There’s an old oak tree down on Miss Frances’s farm that requires more than a few minutes of inspection every time you lay eyes on it. You need to be a good 100 feet away from the thing to see its top, and when you sidle your back next to the massive trunk and tilt your head up, not one speck of the sky trickles through the gnarled branches and acorn laden leaves. It’s one of those natural wonders that makes you feel small in all sorts of ways.
“I figger that tree’s been aroun’ longer than anyone’s been by to see it,” Miss Frances notes, turning subtly in her rusted metal rocker to deposit a lip full of brown spittle into a 7Up bottle she’s been carrying around. She’s 91, her face wrinkled by too many years working the farm in the hot Georgia sun, yet still more than able to climb up on the old blue Ford International tractor and bush hog the property when it needs it. “How many years old you think that tree is?”
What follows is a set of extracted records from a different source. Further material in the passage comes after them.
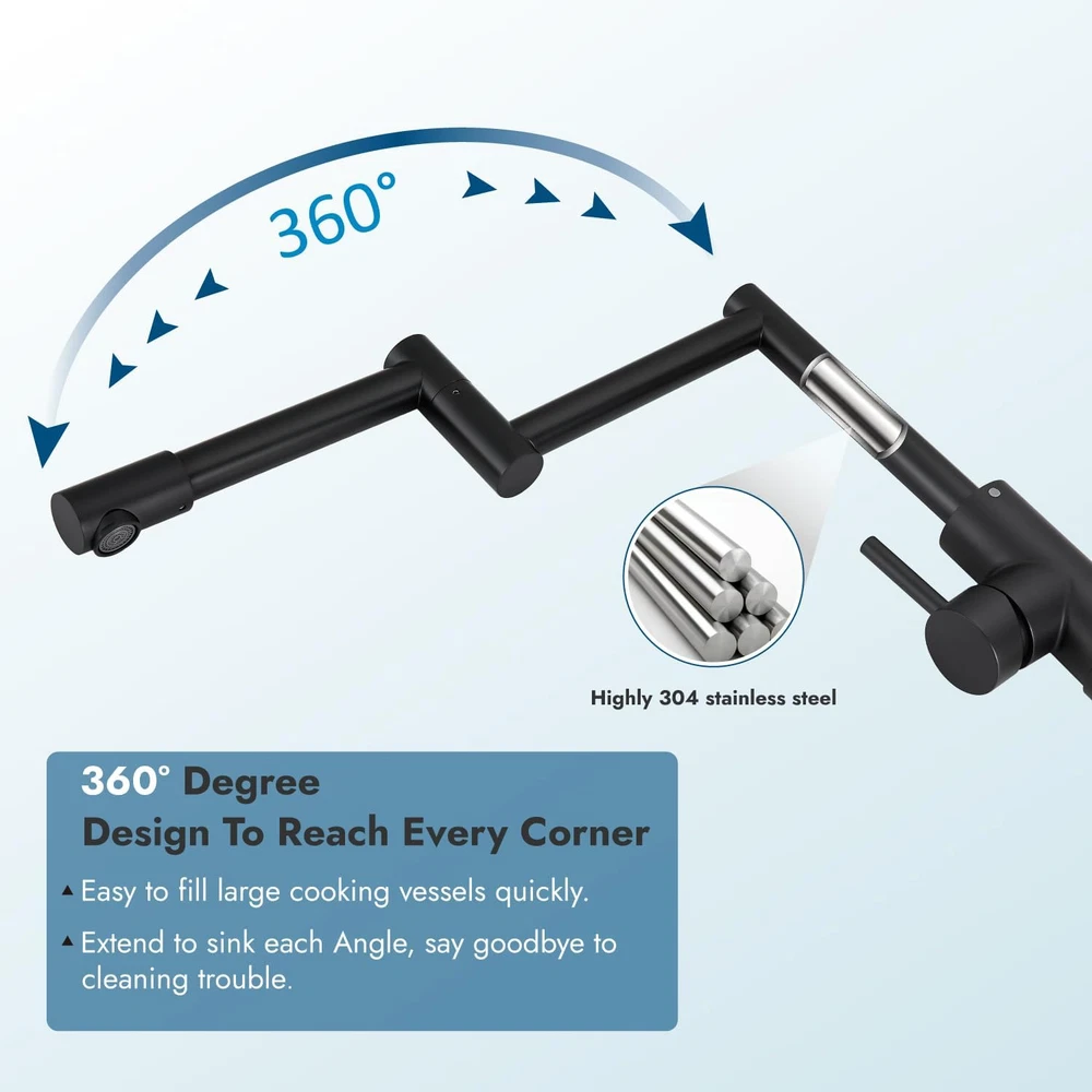 This pot filler faucet is a game-changer in the kitchen! The 360° rotating design makes filling pots so much easier, and the matte black finish adds a sleek, modern touch. The single handle controls hot and cold water smoothly, and the retractable feature is super convenient. Made of durable stainless steel, it feels sturdy and well-built. Installation was straightforward, and the water flow is strong yet efficient. Perfect for any home chef looking to upgrade their cooking space!
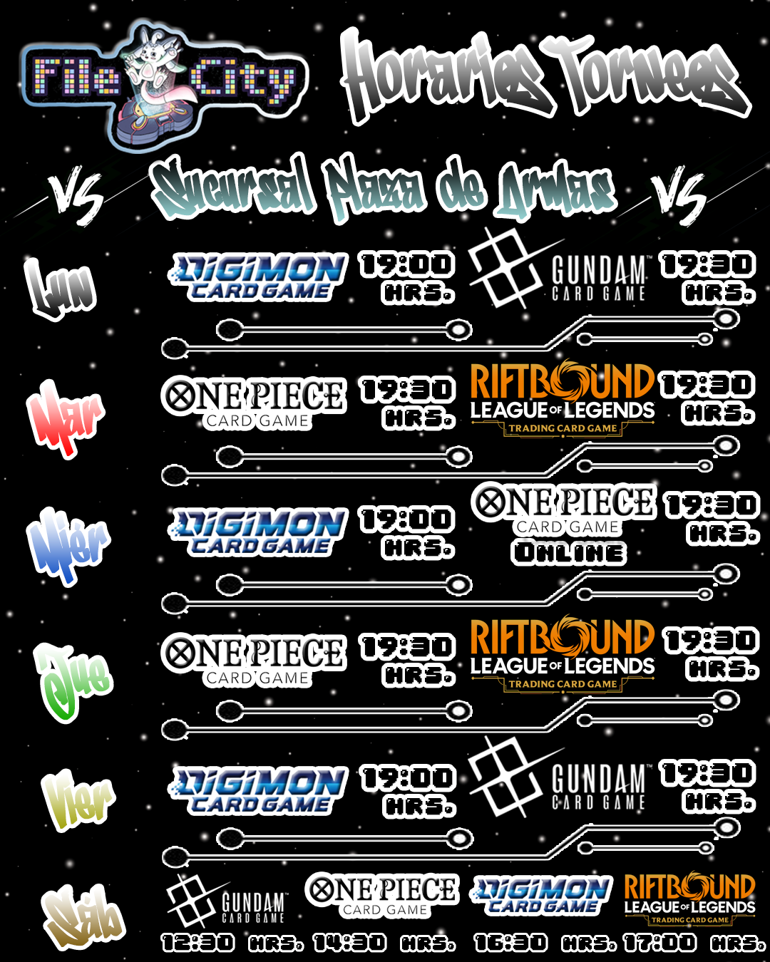 Lunes: Digimon Card Game 19:00 hrs. / Gundam Card Game 19:30 hrs.
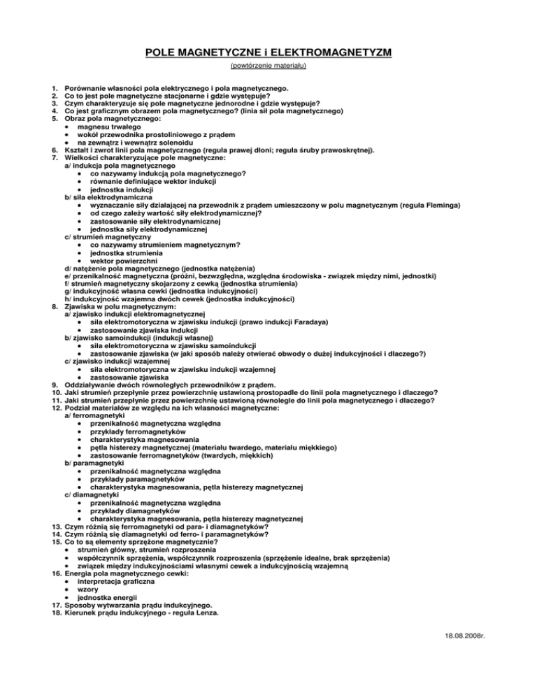 POLE MAGNETYCZNE i ELEKTROMAGNETYZM (powtórzenie materiału) 1. 2. 3. 4. 5. 6. 7. 8. 9. 10. 11. 12. 13. 14. 15. 16. 17. 18. Porównanie własno ci pola elektrycznego i pola magnetycznego. Co to jest pole magnetyczne stacjonarne i gdzie wyst puje? Czym charakteryzuje si pole magnetyczne jednorodne i gdzie wyst puje? Co jest graficznym obrazem pola magnetycznego? (linia sił pola magnetycznego) Obraz pola magnetycznego: • magnesu trwałego • wokół przewodnika prostoliniowego z pr dem • na zewn trz i wewn trz solenoidu Kształt i zwrot linii pola magnetycznego (reguła prawej dłoni; reguła ruby prawoskr tnej). Wielko ci charakteryzuj ce pole magnetyczne: a/ indukcja pola magnetycznego • co nazywamy indukcj pola magnetycznego? • równanie definiuj ce wektor indukcji • jednostka indukcji b/ siła elektrodynamiczna • wyznaczanie siły działaj cej na przewodnik z pr dem umieszczony w polu magnetycznym (reguła Fleminga) • od czego zale y warto siły elektrodynamicznej? • zastosowanie siły elektrodynamicznej • jednostka siły elektrodynamicznej c/ strumie magnetyczny • co nazywamy strumieniem magnetycznym? • jednostka strumienia • wektor powierzchni d/ nat enie pola magnetycznego (jednostka nat enia) e/ przenikalno magnetyczna (pró ni, bezwzgl dna, wzgl dna rodowiska - zwi zek mi dzy nimi, jednostki) f/ strumie magnetyczny skojarzony z cewk (jednostka strumienia) g/ indukcyjno własna cewki (jednostka indukcyjno ci) h/ indukcyjno wzajemna dwóch cewek (jednostka indukcyjno ci) Zjawiska w polu magnetycznym: a/ zjawisko indukcji elektromagnetycznej • siła elektromotoryczna w zjawisku indukcji (prawo indukcji Faradaya) • zastosowanie zjawiska indukcji b/ zjawisko samoindukcji (indukcji własnej) • siła elektromotoryczna w zjawisku samoindukcji • zastosowanie zjawiska (w jaki sposób nale y otwiera obwody o du ej indukcyjno ci i dlaczego?) c/ zjawisko indukcji wzajemnej • siła elektromotoryczna w zjawisku indukcji wzajemnej • zastosowanie zjawiska Oddziaływanie dwóch równoległych przewodników z pr dem. Jaki strumie przepłynie przez powierzchni ustawion prostopadle do linii pola magnetycznego i dlaczego? Jaki strumie przepłynie przez powierzchni ustawion równolegle do linii pola magnetycznego i dlaczego? Podział materiałów ze wzgl du na ich własno ci magnetyczne: a/ ferromagnetyki • przenikalno magnetyczna wzgl dna • przykłady ferromagnetyków • charakterystyka magnesowania • p tla histerezy magnetycznej (materiału twardego, materiału mi kkiego) • zastosowanie ferromagnetyków (twardych, mi kkich) b/ paramagnetyki • przenikalno magnetyczna wzgl dna • przykłady paramagnetyków • charakterystyka magnesowania, p tla histerezy magnetycznej c/ diamagnetyki • przenikalno magnetyczna wzgl dna • przykłady diamagnetyków • charakterystyka magnesowania, p tla histerezy magnetycznej Czym ró ni si ferromagnetyki od para- i diamagnetyków? Czym ró ni si diamagnetyki od ferro- i paramagnetyków? Co to s elementy sprz one magnetycznie? • strumie główny, strumie rozproszenia • współczynnik sprz enia, współczynnik rozproszenia (sprz enie idealne, brak sprz enia) • zwi zek mi dzy indukcyjno ciami własnymi cewek a indukcyjno ci wzajemn Energia pola magnetycznego cewki: • interpretacja graficzna • wzory • jednostka energii Sposoby wytwarzania pr du indukcyjnego. Kierunek pr du indukcyjnego - reguła Lenza. 18.08.2008r.
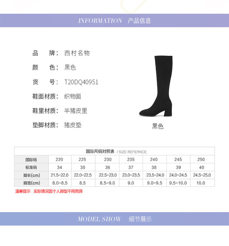 西村名物秋冬2020新款骑士靴弹力靴高靴T20DQ40951
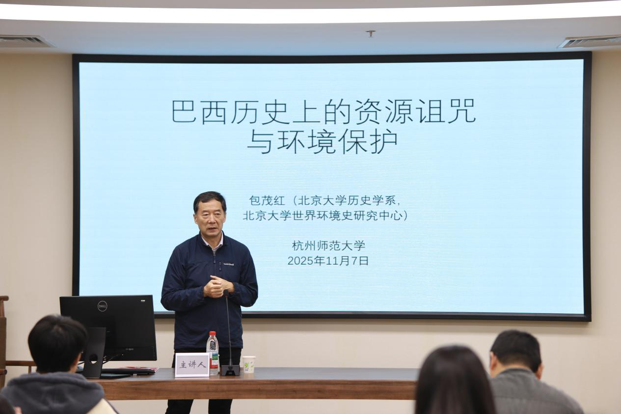 2025年11月7日上午,av视频 太炎讲堂“互视、他视与内视:近现代中国与世界”系列讲座于恕园23号楼314会议室顺利开展。本次讲座有幸邀请到北京大学历史学系包茂红教授,作题为“巴西历史上的资源诅咒与环境保护”的学术讲座。讲座由周东华教授主持,周真真教授、刘宏焘老师等老师及研究生、本科生50余人参加。
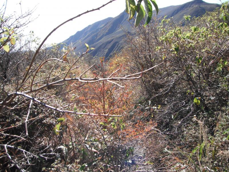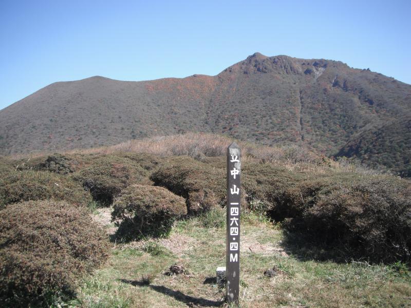 さてテントに荷物を置いて、最低限の装備で白口岳を目指します。鉾立峠までは歩きやすい道。ちょっと寄り道して立中山に登ってみると目の前に大船山の見事な紅葉!後で聞いたら大混みだった模様。
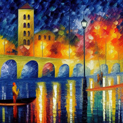 This AI image prompt is a combination of different elements that will influence the image being generated. The prompt is composed of a painting of a city with human fishing near the river, which sets the primary theme of the image. The use of pointillism painting style inspired by Leonid Afremov is also specified in the prompt, which means that the image will feature small, distinct dots of color that will create a vibrant and textured effect.

I’m tempted just to take wild guess, say 150 years or so and sit in the peaceful contemplation that would surely follow. But before I can get it out, Tucker says “Dad, can’t we figure it out? Isn’t there some formula or something online?” He comes over and takes my phone, and without prodding, Tess seems to know she’s going to need to find something to wrap around the circumference of the trunk. I look over at Miss Frances and shrug my shoulders, and she gives me a smile in the midst of her gentle rocking.
“I think there’s some string hangin’ in the old coop,” she half yells to Tess as she points the 7Up bottle in the general direction. Tess pulls back the wood frame door to the cage, seems to bat some cobwebs aside and carefully reaches in among the loose hanging chicken wire as I wonder when her last tetanus shot was. She pulls out a yellowing loop of rope and runs toward the tree. “You have to wrap it six feet up the trunk,” Miss Francis says. “See if you can reach it up thar.” I approach to help, but Tess shoos me away. She’s 13 now. She can do it. And somehow, she does, walking the rope around the bottom of the trunk before shimmying it up with both hands until they’re over her head, marking the length with her fingers, letting go, and then laying the rope out in front of us so we can pace it off.
“I think I found it Dad,” Tucker says, looking up from the phone as I’m toe-heeling next to the rope, “but it says we need to have the width in centimeters.” I’m thinking they should know the conversion (don’t they learn that in school?) and I can see Tess trying to call it up to do the math. But by the time I get to 15 paces down the rope, Tucker says, “Nevermind, here it is in English.” I have to chuckle.
I let the kids do the calculating, and it turns out that the old oak is almost 200 years old, give or take a decade. Might even have been born in the 18th Century. “Whoo-wee that’s an old ‘un,” Miss Frances states, craning her neck upward. I look at her, then back up at it and for a second try to imagine the storms, the heat, the drought, the stresses it’s survived, but 200 years is hard to fathom. There’s not a dead branch on the thing that I can see. The tree, at least, will be here a few decades longer. “Hey Dad,” Tess says, “maybe we can measure it again next year.”
“Absolutely,” I say, hoping we’ll get the chance.
Fabulous story – but even better – a fantastic memory making experience for Tucker and Tess. Self-directed learning is so cool. Thank you for sharing.
Can I call dibbs on Tess and Tucker? I want curious kids like this in my classes! 🙂
This is a fantastic story of real learning taking place! My favorite aspect is how you, in the teacher role, simply set up the situation, ignited their intellectual curiosity, and allowed the children to independently explore and discover. True learning experiences like this one are what every child needs in their education!